Survey shows that oil companies in Norway will drill 18% less exploration wells by 2026.
A survey on Thursday showed that oil firms in Norway are planning to drill 18% less exploration wells next, as they focus on existing fields. This could undermine the government's aim of maintaining production from Europe's biggest petroleum producer.
Offshore Norway's survey of its members shows that drilling and investment will decline next year.
The survey revealed that oil companies on the Norwegian continental Shelf, such as Equinor Aker BP Vaar Energi, intend to drill 37 exploration wells by 2026. This is down from the 45 drillings done so far this year.
Offshore Norway stated that this is because some companies are prioritizing production drilling in the coming year. There are also fewer prospects.

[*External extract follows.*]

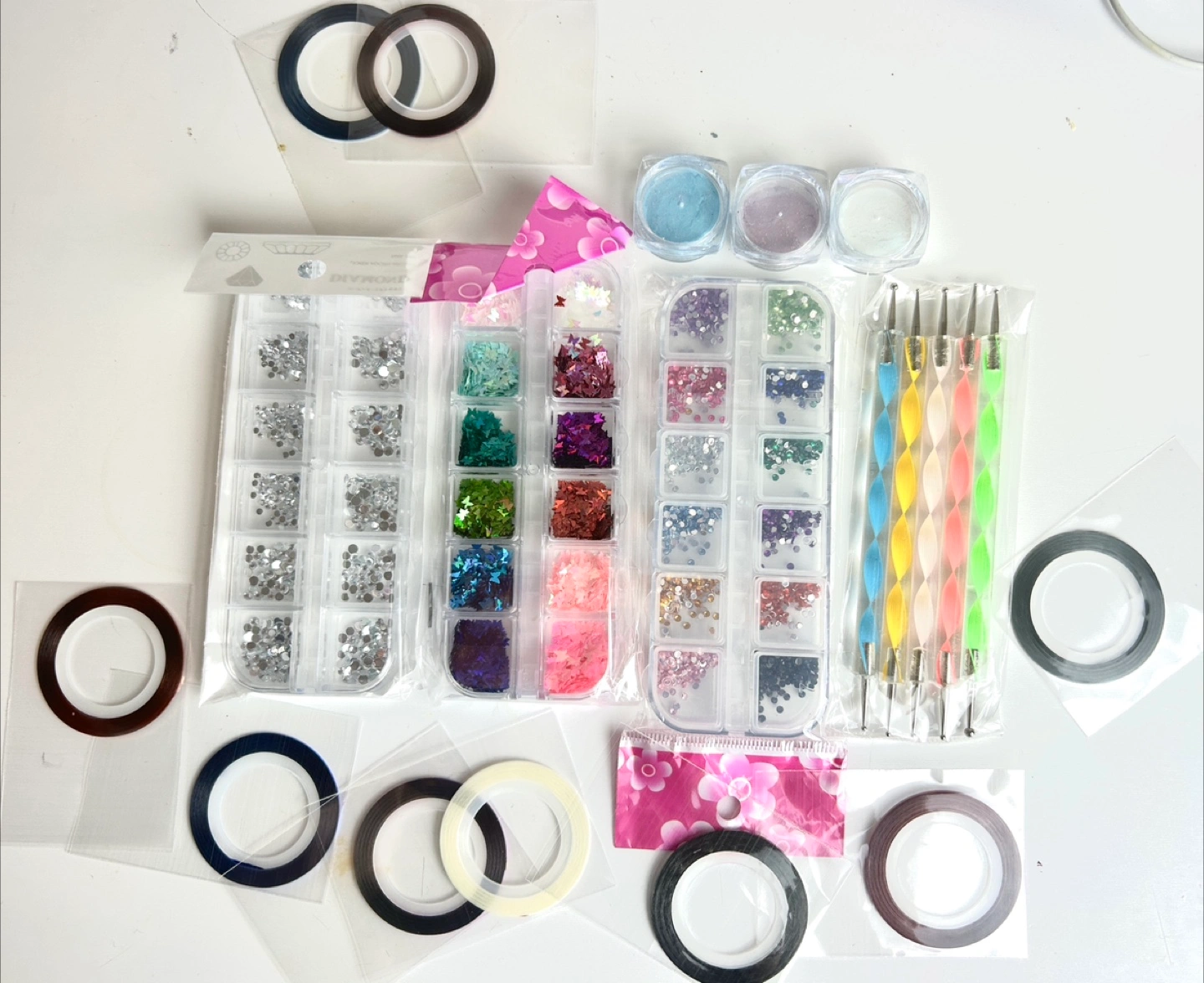 Variety of nail art decorations. Perfect as a starter pack for exploring manicure designs.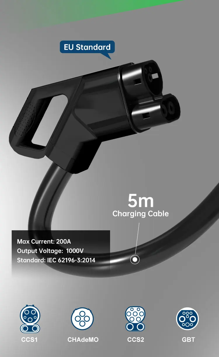 CCS1/CCS2/GBT/NACS: 150Vdc –1000Vdc;CHADEMO: 150Vdc –500Vdc

The government plans to launch an exploration licensing round in less explored frontier areas such as the Barents Sea next year.
Oil and gas investment in Norway is expected to drop by 4% in 2026 to 270 billion crowns (about $26,83 billion), compared to this year, as major ongoing projects near completion.
Offshore Norway reported that the predicted investment decline was smaller than an 8% drop previously forecast. This is due to increasing costs, expanding some current projects, and a greater focus on extracting from existing fields.
Statistics Norway (SSB), has also predicted that oil investments will decline next year.
Offshore Norway stated that the decline would hit the extensive supplier industry of the country, which was already under pressure. Companies involved in oil platform construction and major development are most at risk.
It added that suppliers of subsea and maintenance services, as well as drilling rigs, are likely to be less affected by the slowdown.